7 The most observed mammals

Exercise 4.7a
For each of the six most common mammal species in obs separately, create a bar chart of the number observations over the twelve months.

After cleverly using of the dplyr verbs and the pipe operator, you can select a specified number of records using slice_max. You can pull out a single variable from a tibble using pull. You may choose to solve this problem in 2 steps instead of a single pipe.


# First get selection of six most abundant mammal species
selection <- obs %>% 
  filter(Class == "Mammals") %>%
  group_by(Species) %>%  
  summarise(sumCount = sum(Count)) %>%
  slice_max(sumCount, n=6) %>%
  pull(Species)

# Then, plot this selection of species
obs %>%
  filter(Species %in% selection) %>%
  ggplot(mapping = aes(x=Month, y=Count)) +
  stat_summary(mapping = aes(x =Month),
               fun = sum,
               geom = "bar") + 
  facet_wrap(~ Species, nrow = 2, scales = "free_y")

Exercise 4.7b
For the four most common species, create a 100% bar stacked bar chart of the number of mammal observations in the dataset by month, segmented by habitat.

Each bar height is set to 100%. The (coloured) bar segments represent the proportion of each habitat to all observations.


# First get selection of four most abundant mammal species
selection <- obs %>% 
  filter(Class == "Mammals") %>%
  group_by(Species) %>%  
  summarise(sumCount = sum(Count)) %>%
  arrange(desc(sumCount)) %>%
  slice_head(n = 4) %>% # after arranging, this selects the top 4 rows
  pull(Species)

# Then, plot this selection of species
obs %>%
  mutate(Month = as.factor(Month)) %>%
  filter(Species %in% selection) %>%
  ggplot(mapping = aes(x = Month, y = Count, fill = Habitat)) +
  geom_bar(position = "fill", stat = "identity") +
  scale_y_continuous(labels = scales::percent_format()) +
  facet_wrap(~ Species, nrow = 2, scales = "free_y")

8 The distribution of Red deer

In this section, use the deer dataset: “NPHV_deer_month_station.csv”.

Exercise 4.8a
Create a pie chart showing the distribution of all deer observations over the six habitat types.

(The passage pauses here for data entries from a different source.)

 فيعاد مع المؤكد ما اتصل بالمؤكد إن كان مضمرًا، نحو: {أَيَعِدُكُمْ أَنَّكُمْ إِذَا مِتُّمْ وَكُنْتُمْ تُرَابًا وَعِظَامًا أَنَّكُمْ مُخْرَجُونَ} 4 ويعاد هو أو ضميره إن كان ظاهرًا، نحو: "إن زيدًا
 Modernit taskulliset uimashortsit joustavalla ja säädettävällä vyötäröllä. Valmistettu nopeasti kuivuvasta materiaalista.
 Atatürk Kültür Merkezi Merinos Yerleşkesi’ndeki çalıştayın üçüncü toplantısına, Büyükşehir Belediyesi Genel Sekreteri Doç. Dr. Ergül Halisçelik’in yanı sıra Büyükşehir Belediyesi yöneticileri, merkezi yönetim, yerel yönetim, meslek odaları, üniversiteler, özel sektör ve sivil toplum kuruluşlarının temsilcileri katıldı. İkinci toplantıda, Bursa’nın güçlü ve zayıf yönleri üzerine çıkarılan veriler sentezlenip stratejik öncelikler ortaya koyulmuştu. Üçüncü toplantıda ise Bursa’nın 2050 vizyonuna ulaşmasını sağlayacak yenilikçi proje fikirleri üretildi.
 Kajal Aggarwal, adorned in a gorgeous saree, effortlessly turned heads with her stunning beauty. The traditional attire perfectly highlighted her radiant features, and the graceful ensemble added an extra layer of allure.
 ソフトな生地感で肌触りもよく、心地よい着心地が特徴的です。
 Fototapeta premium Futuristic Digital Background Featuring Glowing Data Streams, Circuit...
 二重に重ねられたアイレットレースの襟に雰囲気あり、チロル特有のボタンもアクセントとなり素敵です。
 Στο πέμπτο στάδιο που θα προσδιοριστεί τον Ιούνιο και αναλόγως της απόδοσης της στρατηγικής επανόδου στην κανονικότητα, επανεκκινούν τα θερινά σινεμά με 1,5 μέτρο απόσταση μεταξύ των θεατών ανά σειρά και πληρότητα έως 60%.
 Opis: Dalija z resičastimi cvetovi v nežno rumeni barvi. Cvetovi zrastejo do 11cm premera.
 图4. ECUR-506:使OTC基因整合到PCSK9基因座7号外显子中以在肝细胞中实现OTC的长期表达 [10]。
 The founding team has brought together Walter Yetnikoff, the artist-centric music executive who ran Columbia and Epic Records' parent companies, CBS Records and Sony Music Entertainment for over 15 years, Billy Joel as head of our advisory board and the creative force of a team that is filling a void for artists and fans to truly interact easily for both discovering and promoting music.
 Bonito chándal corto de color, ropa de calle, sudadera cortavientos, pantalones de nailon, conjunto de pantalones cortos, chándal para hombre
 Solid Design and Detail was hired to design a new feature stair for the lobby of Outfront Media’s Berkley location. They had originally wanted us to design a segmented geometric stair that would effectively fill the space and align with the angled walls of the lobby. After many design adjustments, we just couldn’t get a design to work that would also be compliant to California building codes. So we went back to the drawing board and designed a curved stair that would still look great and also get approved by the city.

Make clever use of the dplyr verbs and the pipe operator. For help on creating pie charts, see e.g. here


deer %>%
  group_by(Habitat) %>%
  summarise(total = sum(Total)) %>%
  ungroup() %>%
  ggplot(aes(x = "", y = total, fill = Habitat)) +
  geom_bar(width = 1, stat = "identity") + 
  coord_polar("y", start = 0) + 
  theme_void() # just to omit background and labels

Exercise 4.8b
Create a 100% stacked bar to show how the distribution of deer over habitats varies over the twelve months. Note: use the obs data for this exercise! Do not focus on all species present in this dataset, but only red deer “Cervus elaphus”.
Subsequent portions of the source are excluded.